Data block =
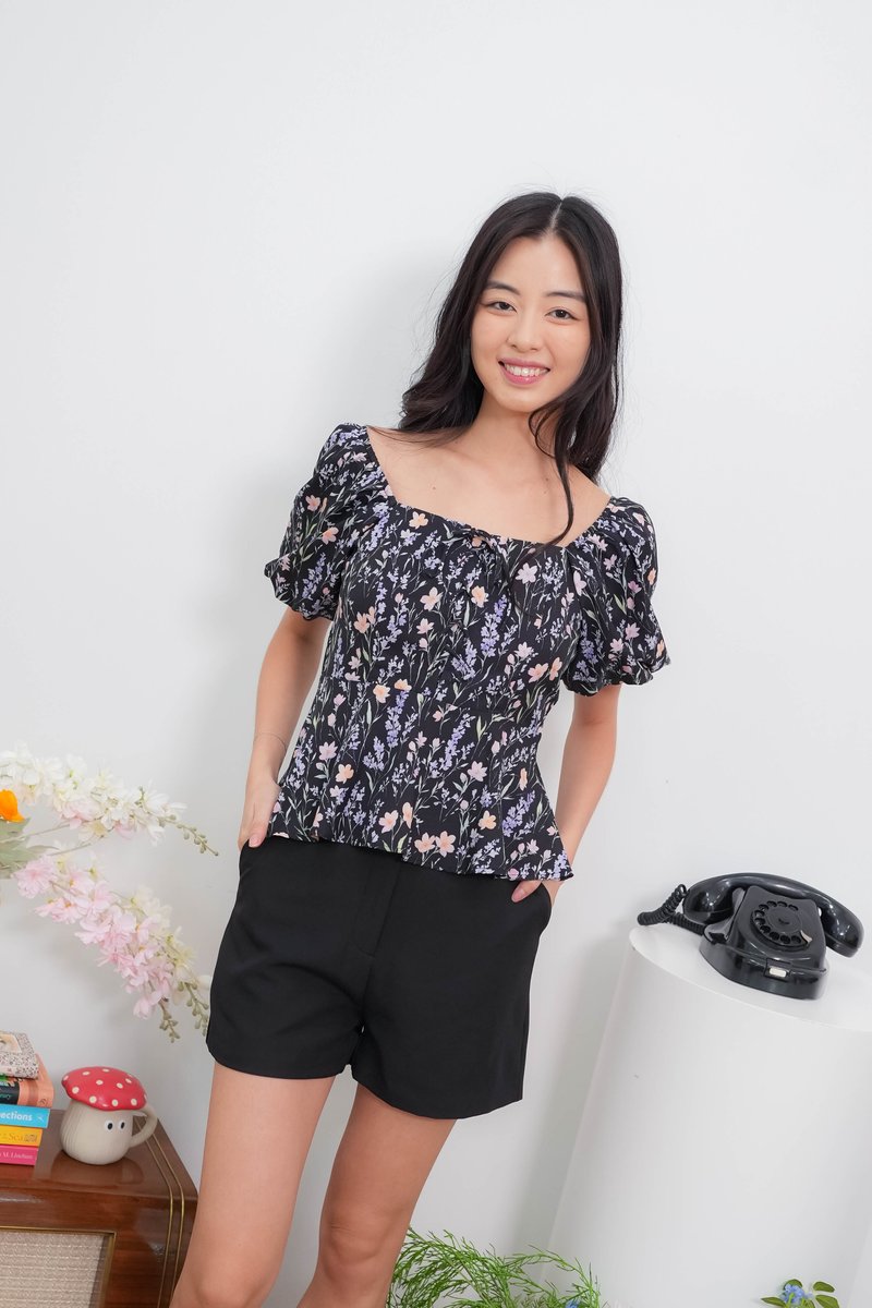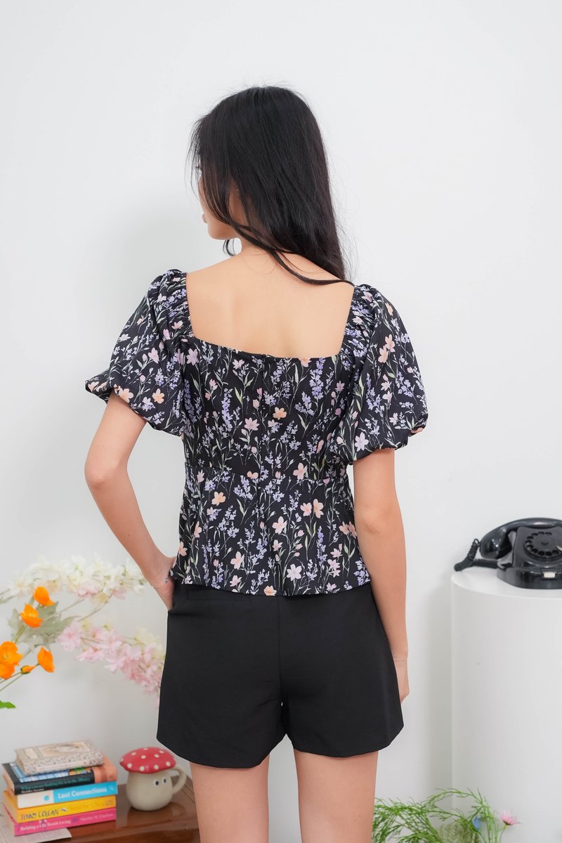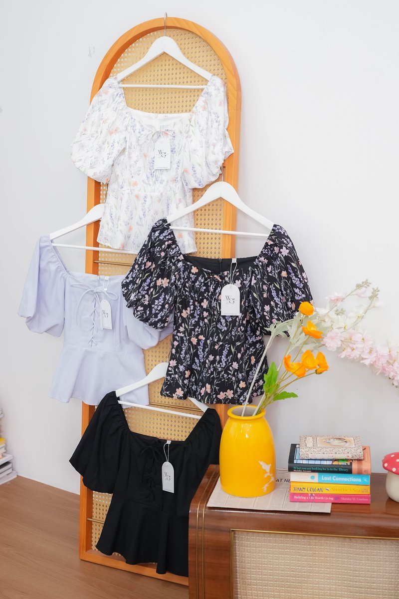 [Pre-Launch] Colette Sleeve Lace Up Top In Black Floral
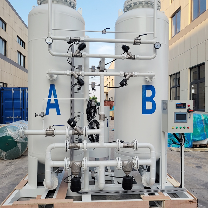 PSA碳分子筛制氮装置中有两个装满碳分子筛的吸附塔,洁净、干燥的压缩空气进入变压吸附制氮装置,流经装填有碳分子筛(CMS)的吸附塔。
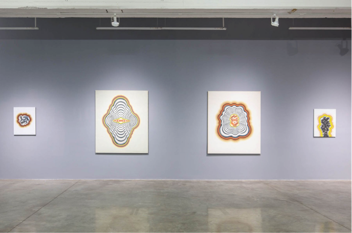 The exhibition opens with a group of works created soon after this juncture in Kim's life. It comprises paintings wherein oozing forms protrude from various geometric configurations, and undulating lines wrap around nuclei of gradient circles. These compositions allude to the visual vocabularies of Minimalism and Op Art—most tellingly in the way that sparse backgrounds give way to swelling, ambiguous shapes; Kim fittingly referred to the canvases as 'paintings of the intestines', in light of their apparent biomorphism. The rippling of black and white lines also calls to mind Op Art's play on ocular perception, acting as a precursor to the illusionist depictions of water drops that would define Kim's practice for over four decades to come.
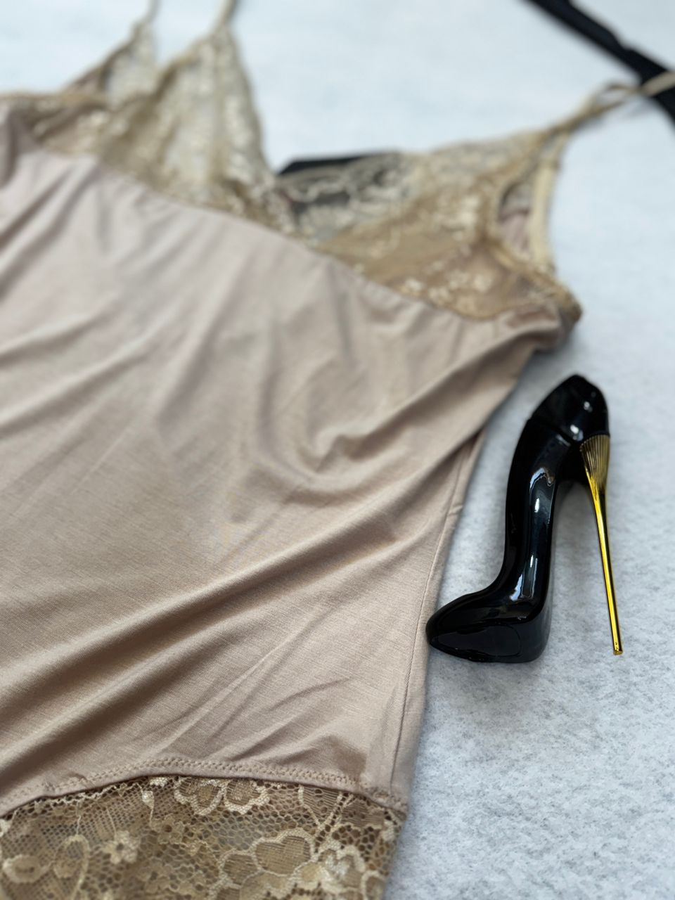بادی لباس خواب زنانه گیپور بژ | طراحی شیک و لطیف | جنس مرغوب و راحت

Work order = Retype the data word for word, please, and keep the images out.

Result =
 [Pre-Launch] Colette Sleeve Lace Up Top In Black Floral
 PSA碳分子筛制氮装置中有两个装满碳分子筛的吸附塔,洁净、干燥的压缩空气进入变压吸附制氮装置,流经装填有碳分子筛(CMS)的吸附塔。
 The exhibition opens with a group of works created soon after this juncture in Kim's life. It comprises paintings wherein oozing forms protrude from various geometric configurations, and undulating lines wrap around nuclei of gradient circles. These compositions allude to the visual vocabularies of Minimalism and Op Art—most tellingly in the way that sparse backgrounds give way to swelling, ambiguous shapes; Kim fittingly referred to the canvases as 'paintings of the intestines', in light of their apparent biomorphism. The rippling of black and white lines also calls to mind Op Art's play on ocular perception, acting as a precursor to the illusionist depictions of water drops that would define Kim's practice for over four decades to come.
بادی لباس خواب زنانه گیپور بژ | طراحی شیک و لطیف | جنس مرغوب و راحت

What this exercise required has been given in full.